* _DATA FOR REVIEW_:

- - - - - - -

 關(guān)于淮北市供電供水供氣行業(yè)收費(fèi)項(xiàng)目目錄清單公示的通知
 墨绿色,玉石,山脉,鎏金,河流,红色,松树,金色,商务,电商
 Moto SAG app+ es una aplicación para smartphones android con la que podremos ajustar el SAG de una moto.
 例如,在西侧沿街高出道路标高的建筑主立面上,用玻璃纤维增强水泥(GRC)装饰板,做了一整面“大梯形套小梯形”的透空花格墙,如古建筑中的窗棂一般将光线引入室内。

- - - - - - -

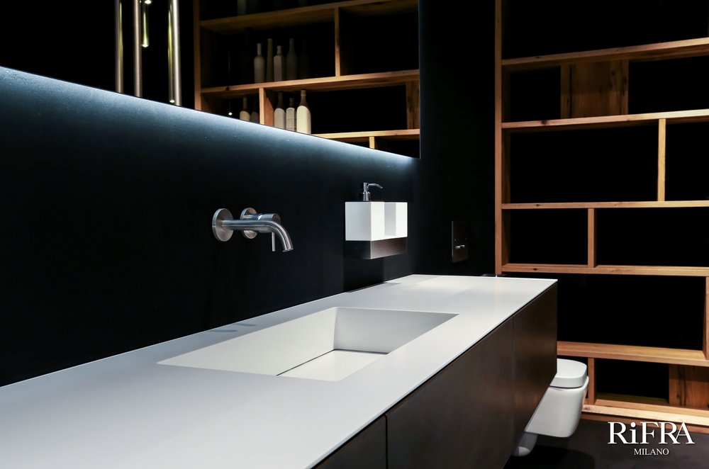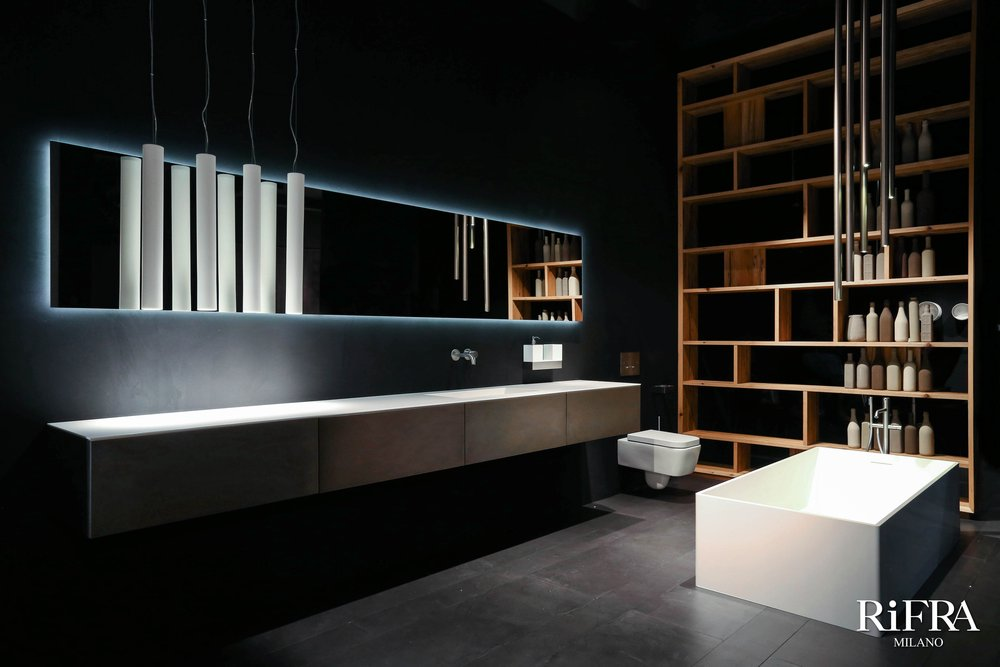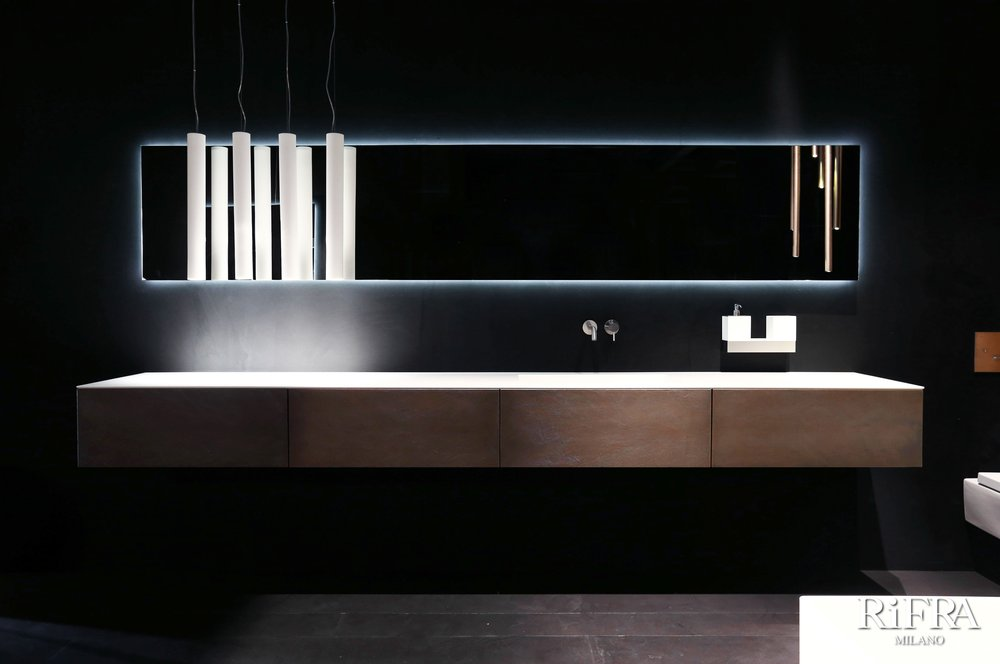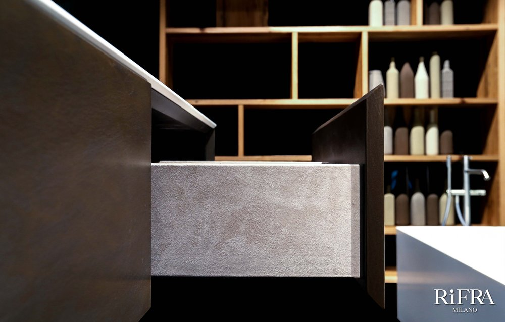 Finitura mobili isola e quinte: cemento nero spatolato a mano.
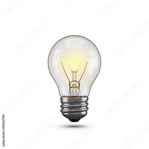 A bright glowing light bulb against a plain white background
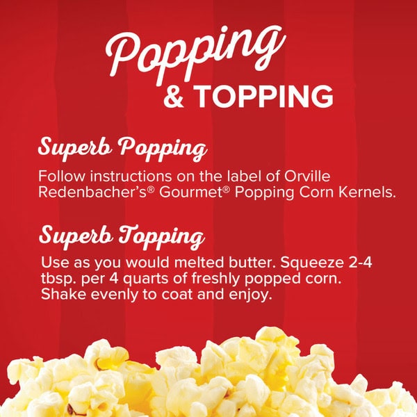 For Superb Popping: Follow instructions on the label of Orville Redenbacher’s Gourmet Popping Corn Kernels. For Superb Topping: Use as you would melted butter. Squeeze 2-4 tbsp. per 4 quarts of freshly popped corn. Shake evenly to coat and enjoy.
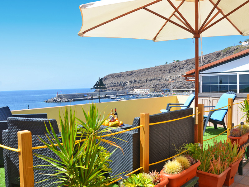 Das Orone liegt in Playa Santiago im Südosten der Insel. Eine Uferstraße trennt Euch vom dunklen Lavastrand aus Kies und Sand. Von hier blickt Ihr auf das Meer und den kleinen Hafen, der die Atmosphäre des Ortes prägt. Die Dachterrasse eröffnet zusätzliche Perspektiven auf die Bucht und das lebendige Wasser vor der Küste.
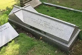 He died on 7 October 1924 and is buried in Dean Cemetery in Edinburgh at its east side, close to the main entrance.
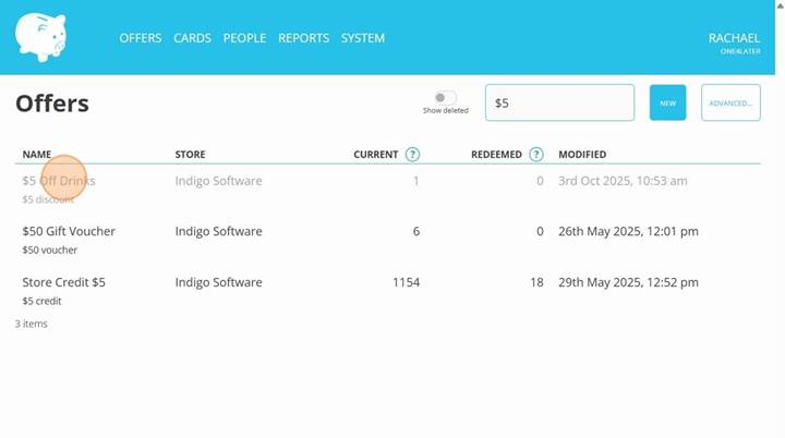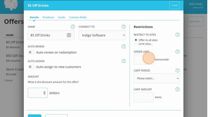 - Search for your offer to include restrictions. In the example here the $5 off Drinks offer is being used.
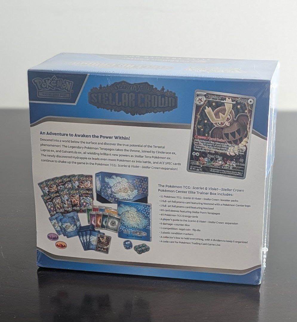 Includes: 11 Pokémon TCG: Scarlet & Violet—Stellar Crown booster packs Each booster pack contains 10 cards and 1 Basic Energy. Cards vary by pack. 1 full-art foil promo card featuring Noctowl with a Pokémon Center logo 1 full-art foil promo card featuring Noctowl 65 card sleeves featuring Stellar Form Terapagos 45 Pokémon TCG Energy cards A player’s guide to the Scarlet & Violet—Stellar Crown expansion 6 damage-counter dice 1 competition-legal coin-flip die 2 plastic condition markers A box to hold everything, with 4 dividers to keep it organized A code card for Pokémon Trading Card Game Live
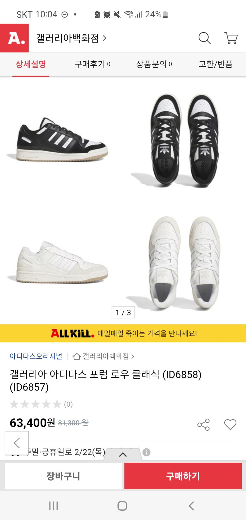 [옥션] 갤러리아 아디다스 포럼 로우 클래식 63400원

- - - - - - -

* _WHAT IS EXPECTED_: With the pictures omitted, copy exactly the lines of the listing above starting at the line containing "Includes: 11 Pokémon" and ending at the line containing "[옥션] 갤러리아 아디다스 포럼 로우 클래식 63400원", both included.

* _RESPONSE TO THE EXERCISE_:
 Includes: 11 Pokémon TCG: Scarlet & Violet—Stellar Crown booster packs Each booster pack contains 10 cards and 1 Basic Energy. Cards vary by pack. 1 full-art foil promo card featuring Noctowl with a Pokémon Center logo 1 full-art foil promo card featuring Noctowl 65 card sleeves featuring Stellar Form Terapagos 45 Pokémon TCG Energy cards A player’s guide to the Scarlet & Violet—Stellar Crown expansion 6 damage-counter dice 1 competition-legal coin-flip die 2 plastic condition markers A box to hold everything, with 4 dividers to keep it organized A code card for Pokémon Trading Card Game Live
 [옥션] 갤러리아 아디다스 포럼 로우 클래식 63400원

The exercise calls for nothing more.